**Problem description**
Reproduce the records below exactly as they appear, omitting any pictures they contain.

Stored data
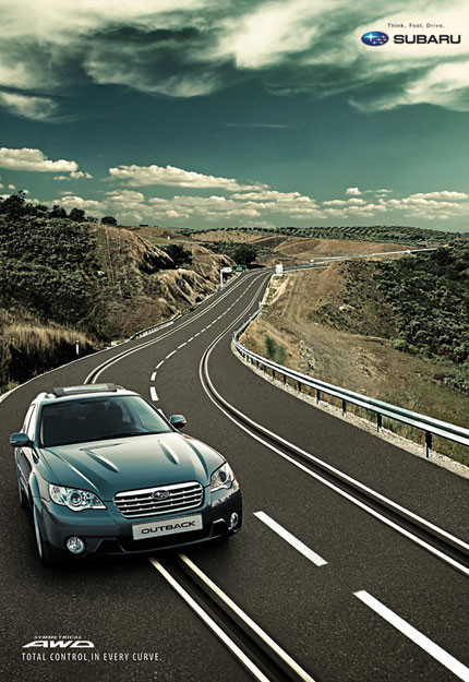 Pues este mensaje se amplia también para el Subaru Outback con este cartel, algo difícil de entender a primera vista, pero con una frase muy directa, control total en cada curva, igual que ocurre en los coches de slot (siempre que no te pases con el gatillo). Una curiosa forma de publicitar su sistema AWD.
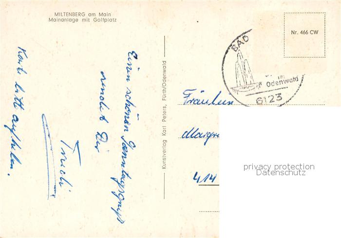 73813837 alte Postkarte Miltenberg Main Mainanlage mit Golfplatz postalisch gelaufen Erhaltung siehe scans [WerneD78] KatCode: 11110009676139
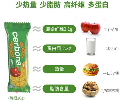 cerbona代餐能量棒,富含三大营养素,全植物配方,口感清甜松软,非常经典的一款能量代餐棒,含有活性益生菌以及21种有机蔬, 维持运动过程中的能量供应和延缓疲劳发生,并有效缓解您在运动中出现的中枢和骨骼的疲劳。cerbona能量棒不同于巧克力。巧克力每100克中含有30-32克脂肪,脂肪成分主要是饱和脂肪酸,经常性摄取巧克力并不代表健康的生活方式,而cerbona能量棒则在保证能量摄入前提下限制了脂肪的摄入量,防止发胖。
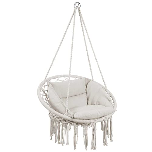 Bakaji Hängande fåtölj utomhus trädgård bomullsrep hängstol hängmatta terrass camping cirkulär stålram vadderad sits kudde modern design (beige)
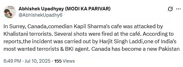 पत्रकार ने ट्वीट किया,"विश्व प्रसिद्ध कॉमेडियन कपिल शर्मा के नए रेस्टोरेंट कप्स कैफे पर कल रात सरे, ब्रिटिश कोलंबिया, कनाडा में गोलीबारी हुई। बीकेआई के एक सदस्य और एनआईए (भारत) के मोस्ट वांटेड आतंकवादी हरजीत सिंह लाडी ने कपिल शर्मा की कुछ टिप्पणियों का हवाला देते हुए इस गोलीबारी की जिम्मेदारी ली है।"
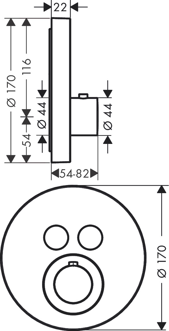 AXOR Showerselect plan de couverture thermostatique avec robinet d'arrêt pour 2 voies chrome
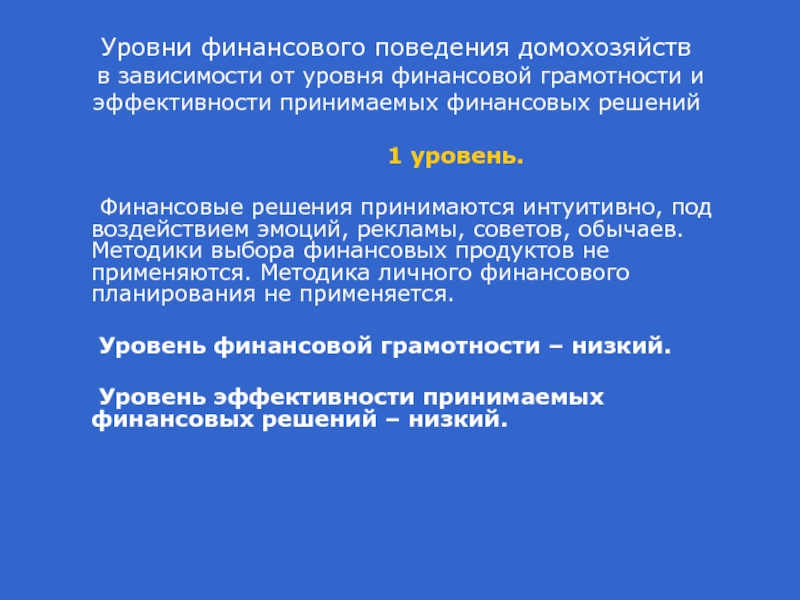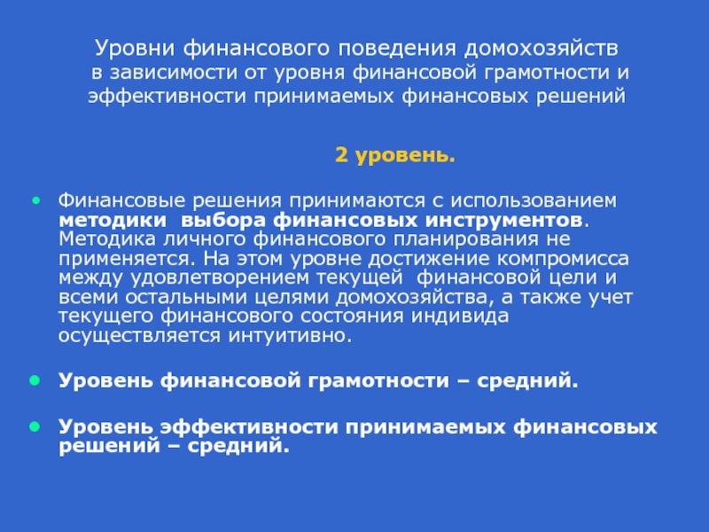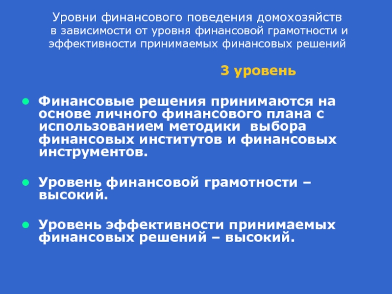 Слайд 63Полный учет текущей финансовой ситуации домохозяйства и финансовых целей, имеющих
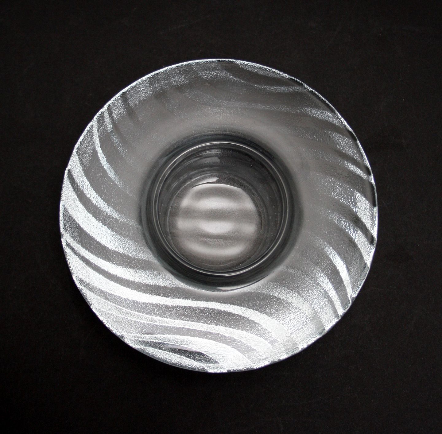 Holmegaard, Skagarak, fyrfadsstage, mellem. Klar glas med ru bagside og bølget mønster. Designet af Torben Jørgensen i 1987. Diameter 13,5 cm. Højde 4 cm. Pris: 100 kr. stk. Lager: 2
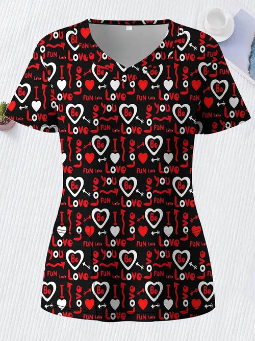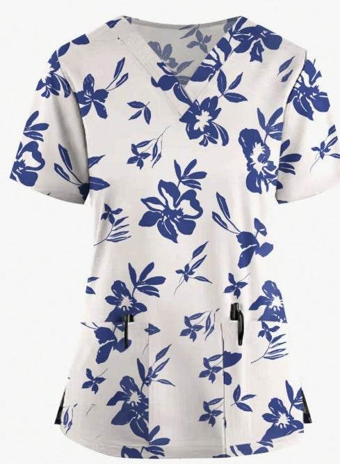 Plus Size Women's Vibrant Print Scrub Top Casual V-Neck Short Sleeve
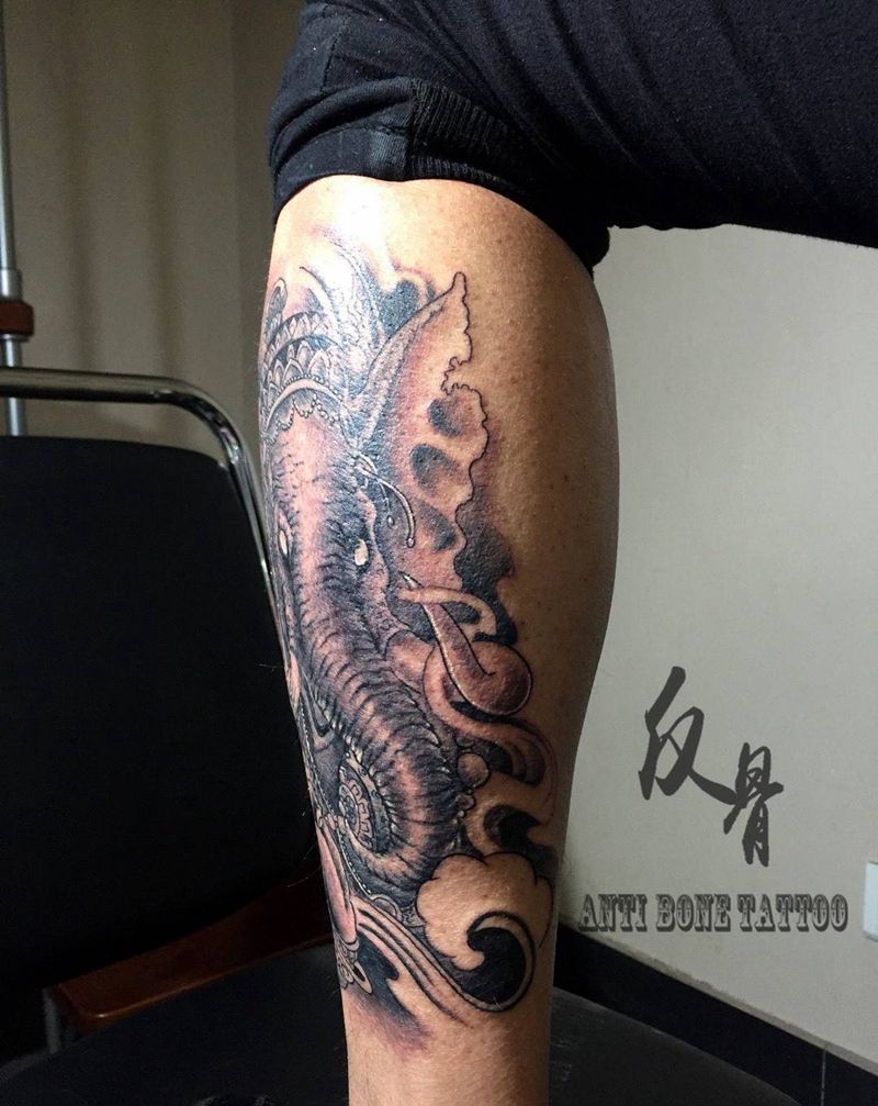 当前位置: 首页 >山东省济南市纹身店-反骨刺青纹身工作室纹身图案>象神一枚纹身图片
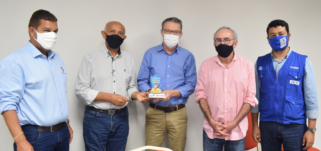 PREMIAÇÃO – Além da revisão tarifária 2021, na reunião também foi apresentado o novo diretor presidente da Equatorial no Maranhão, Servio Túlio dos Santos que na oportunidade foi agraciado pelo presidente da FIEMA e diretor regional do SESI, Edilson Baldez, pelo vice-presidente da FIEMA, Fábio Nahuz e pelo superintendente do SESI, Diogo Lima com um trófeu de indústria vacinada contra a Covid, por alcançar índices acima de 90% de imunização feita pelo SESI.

**Exercise output**
 Pues este mensaje se amplia también para el Subaru Outback con este cartel, algo difícil de entender a primera vista, pero con una frase muy directa, control total en cada curva, igual que ocurre en los coches de slot (siempre que no te pases con el gatillo). Una curiosa forma de publicitar su sistema AWD.
 73813837 alte Postkarte Miltenberg Main Mainanlage mit Golfplatz postalisch gelaufen Erhaltung siehe scans [WerneD78] KatCode: 11110009676139
 cerbona代餐能量棒,富含三大营养素,全植物配方,口感清甜松软,非常经典的一款能量代餐棒,含有活性益生菌以及21种有机蔬, 维持运动过程中的能量供应和延缓疲劳发生,并有效缓解您在运动中出现的中枢和骨骼的疲劳。cerbona能量棒不同于巧克力。巧克力每100克中含有30-32克脂肪,脂肪成分主要是饱和脂肪酸,经常性摄取巧克力并不代表健康的生活方式,而cerbona能量棒则在保证能量摄入前提下限制了脂肪的摄入量,防止发胖。
 Bakaji Hängande fåtölj utomhus trädgård bomullsrep hängstol hängmatta terrass camping cirkulär stålram vadderad sits kudde modern design (beige)
 पत्रकार ने ट्वीट किया,"विश्व प्रसिद्ध कॉमेडियन कपिल शर्मा के नए रेस्टोरेंट कप्स कैफे पर कल रात सरे, ब्रिटिश कोलंबिया, कनाडा में गोलीबारी हुई। बीकेआई के एक सदस्य और एनआईए (भारत) के मोस्ट वांटेड आतंकवादी हरजीत सिंह लाडी ने कपिल शर्मा की कुछ टिप्पणियों का हवाला देते हुए इस गोलीबारी की जिम्मेदारी ली है।"
 AXOR Showerselect plan de couverture thermostatique avec robinet d'arrêt pour 2 voies chrome
 Слайд 63Полный учет текущей финансовой ситуации домохозяйства и финансовых целей, имеющих
 Holmegaard, Skagarak, fyrfadsstage, mellem. Klar glas med ru bagside og bølget mønster. Designet af Torben Jørgensen i 1987. Diameter 13,5 cm. Højde 4 cm. Pris: 100 kr. stk. Lager: 2
 Plus Size Women's Vibrant Print Scrub Top Casual V-Neck Short Sleeve
 当前位置: 首页 >山东省济南市纹身店-反骨刺青纹身工作室纹身图案>象神一枚纹身图片
 PREMIAÇÃO – Além da revisão tarifária 2021, na reunião também foi apresentado o novo diretor presidente da Equatorial no Maranhão, Servio Túlio dos Santos que na oportunidade foi agraciado pelo presidente da FIEMA e diretor regional do SESI, Edilson Baldez, pelo vice-presidente da FIEMA, Fábio Nahuz e pelo superintendente do SESI, Diogo Lima com um trófeu de indústria vacinada contra a Covid, por alcançar índices acima de 90% de imunização feita pelo SESI.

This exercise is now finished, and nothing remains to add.